1163 sayılı Kooperatifler Kanunu"nun 23. maddesi hükmü uyarınca, ortaklar hak ve yükümlülüklerde eşit konumdadırlar. Yönetim kurulu bu ilkenin dışına çıkmak istediği takdirde, bu hususu, genel kurul gündemine alarak, genel kurulun tartışmasına açıkça sunması gerekmekte veya genel kurulun yapılan uygulamayı açıkça ya da zımnen benimsemesi icap etmektedir. Bu nedenle, sabit ve peşin aidat ödemek suretiyle ortaklığa
alınmadaki bu usule uyulmamışsa, böyle bir ortağın (devam eden inşaatların finansmanına katılımı için) aidat yükümlülüğü devam eder. Açıklanan usule uyulmuşsa, ortaklığa alınmadaki bu farklılık, ortaklığa alındıktan sonra üyelik aidatı istenmesini mümkün kılmaz ise de kooperatifin amacına ulaşıncaya kadar yapılan genel yönetim ve altyapı giderlerinden ortağın sorumluluğu devam eder. Genel kurulca açık yetki verilmedikçe ya da benimsemedikçe 1163 sayılı Kanun"un 23. maddesine aykırı şekilde yönetim kurulunun diğer ortaklardan farklı statüde ortaklığa kabul kararı vermesine veya akçalı konularda bir ortağı farklı statüde konumlandırmasına geçerli hukuki sonuç bağlanamaz. Davacıdan uzunca bir süre inşaat finansmanı için aidat istenilmemişse, bilançolarda, hesap cetvellerinde, faaliyet raporlarında, genel kurullarda ve üye kayıt defterlerinde bu yönde bir borç kaydı yer almamışsa, davacının peşin bedelli ortak olduğunun kooperatifçe zımnen benimsendiği ve sadece genel yönetim ve altyapı giderlerinden sorumlu olduğunun kabulü gerekir.

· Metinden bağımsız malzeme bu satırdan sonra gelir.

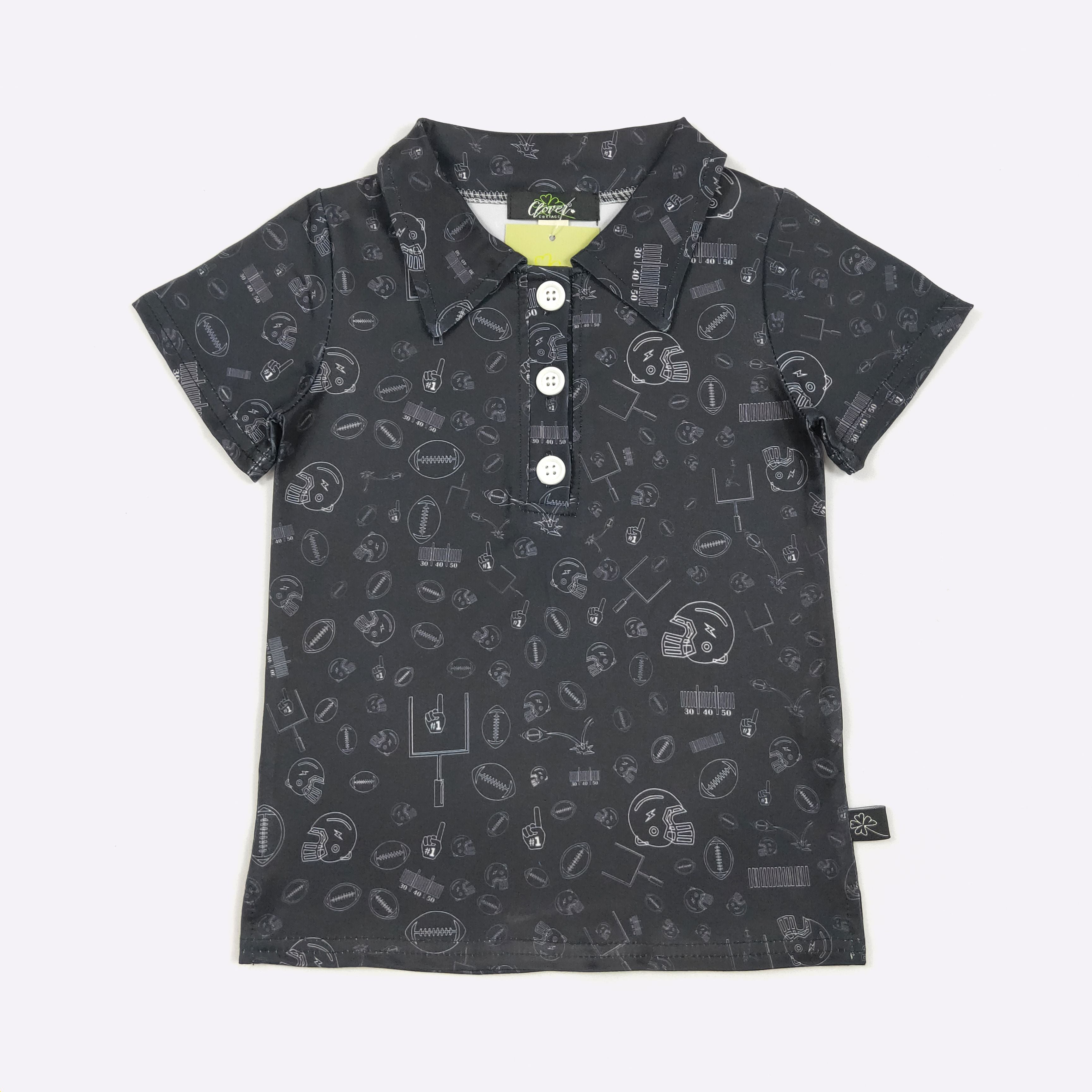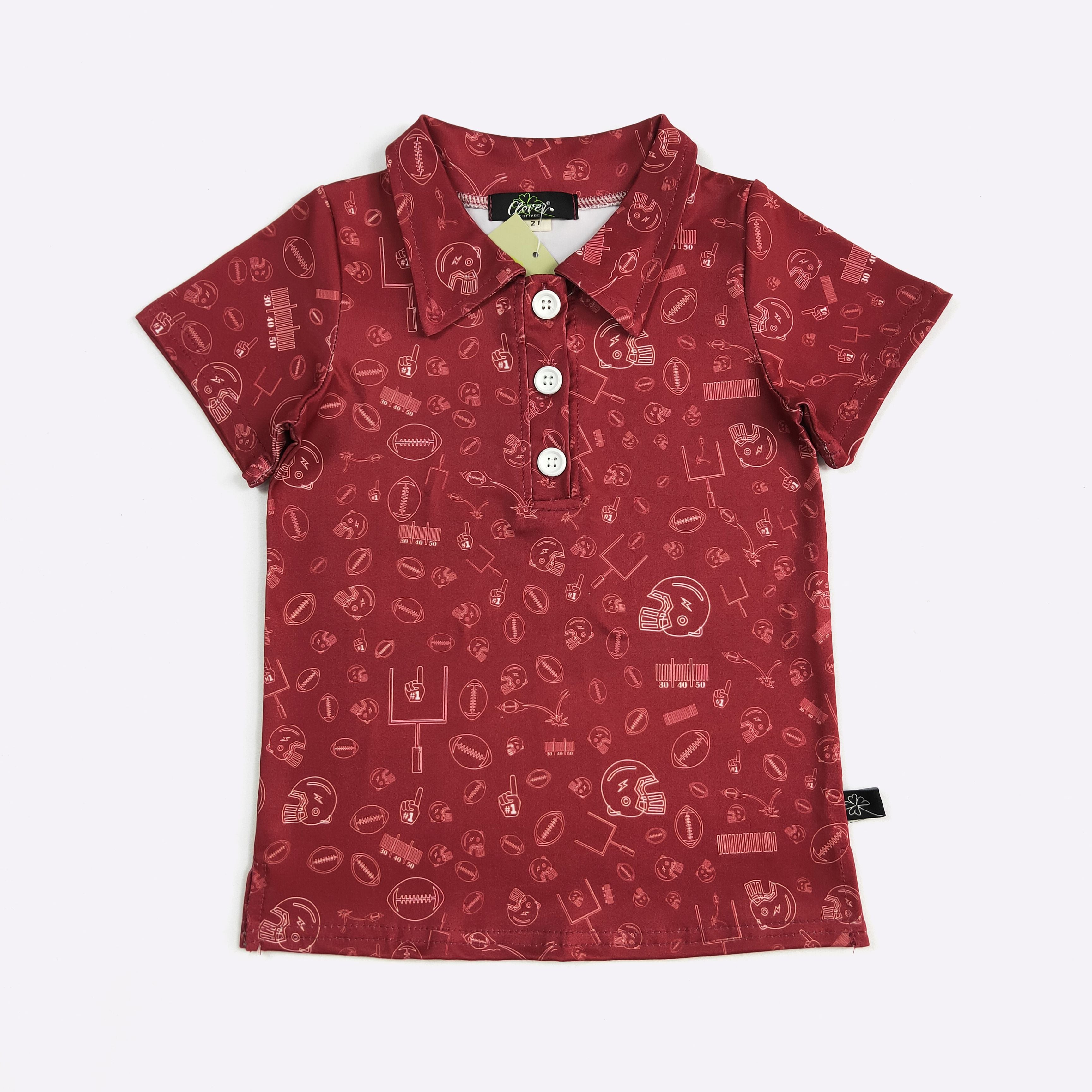 Score major style points with our Burgundy and Black Game Day Shirt – the perfect pick for little fans who love football season! Featuring playful “Field Goals” prints and a fun football pattern, this collared shirt brings together sporty charm and comfort. Finished with crisp white buttons and a classic fit, it’s great for tailgates, team spirit days, or cheering from the sidelines.

Bu durumda mahkemece, davalı kooperatifin 11.08.2003 tarihli yönetim kurulu kararı gözetilerek, davalı kooperatifin genel kurul tutanağı, yönetim ve denetim kurulu raporları, gelir gider cetvelleri ve bilançosu öncelikle davacı kooperatiften, temin edilemez ise ilgili Ticaret Sicil Memurluğu"ndan veya anasözleşmenin 41. maddesi uyarınca Çevre ve Şehircilik Bakanlığı İl Müdürlüğü"nden getirtilip taraflar arasında daha önce görülmüş Erzurum 1. Asliye Hukuk Mahkemesi’nin 2008/347 Esas ve 2009/250 Karar sayılı dava dosyasındaki bilgi ve belgelerle birlikte kooperatif hesap ve uygulamaları konusunda uzman bilirkişi aracılığıyla inceleme yapılıp, genel kurul kararı olmasa dahi, zımnen peşin bedelli ortak olarak benimsenip benimsenmediği, yani davacının ortaklık statüsü tam olarak tespit edildikten sonra gerektiğinde Dairemizin ilk bozma kararı da gözetilerek bilirkişiden, açıklamalı, gerekçeli ve denetime elverişli bir rapor alınarak oluşacak uygun sonuç çerçevesinde bir karar verilmesi gerekirken, eksik incelemeye dayalı olarak yazılı şekilde hüküm kurulması doğru olmamıştır.
SONUÇ: Yukarıda açıklanan nedenlerle, davalı temsilcisinin temyiz itirazlarının kabulü ile hükmün, davalı yararına BOZULMASINA, peşin harcın istek halinde iadesine, kararın tebliğinden itibaren 15 gün içerisinde karar düzeltme yolu açık olmak üzere 28.04.2014 tarihinde oybirliğiyle karar verildi.